I stepped towards her hoping to have her in my arms once again and her lips preferably on mine but she took two steps back away from me, this time looking a little terrified. Seeing that terrified look in her eyes is what stopped me from advancing. Why would she be terrified?

"Harper, what's wrong?" I asked hoping to find the answer to why she was pushing me away.

"What's wrong?" She asked incredulously. "You kissed me," she stated looking frustrated all of a sudden. I preferred her frustration over the terrified look she had on earlier.

"I know and I thought..." I honestly didn't know what I thought. All I knew was that she was a magnet and I was like a piece of metal - drawn to her. How could I not kiss her after that steamy performance of ours on stage. Throughout the whole performance it wasn't only her singing that had me captivated; it was her eyes, the way she smiled so shyly and just the feel of her smaller hand in mine. I just couldn't resist.

It seemed that my answer only served to piss her off more.

"You...you... God, do you really hate me that much that you wish to embarrass me in front of everyone," she said softly, only loud enough for me to hear.

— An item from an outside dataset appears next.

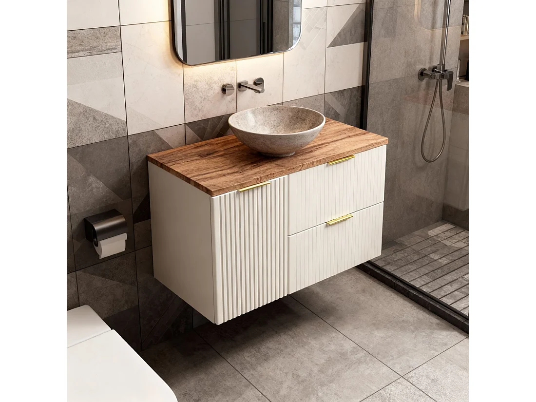 Ensemble de salle de bains NOXERA 100 cm – Marron congo et chêne wotan – plan pour vasque

I took a step towards her again, but she moved out of my reach so I stayed where I was trying to get her to look at me, but she kept her eyes glued to the floor. I watched her briefly and noticed that she had a cute tint of red on her cheeks and that she couldn't stop fidgeting with her hands. The look on her face this time, was pure sadness and I couldn't figure out why she'd be so sad.

Did she not feel the searing chemistry that Nick spoke of earlier. I felt it during our first performance but after singing that song made me feel that chemistry tenfold.

"Harper, I'm sorry I kissed you okay, but it wasn't me trying to embarrass you, I just couldn't stop myself."

"You couldn't help yourself. I already know that's a lie Xavier, like I know the back of my hand. There's no way you would have kissed me unless you lost some bet. I'm not some doll that you can mess around with, I'm a being with feelings," she mumbled close to tears and this time when I approached her she actually let me hold her. She tried to pull herself out of my reach but I held her tighter until eventually she just relaxed and stood there with her face buried in my chest mumbling incoherently.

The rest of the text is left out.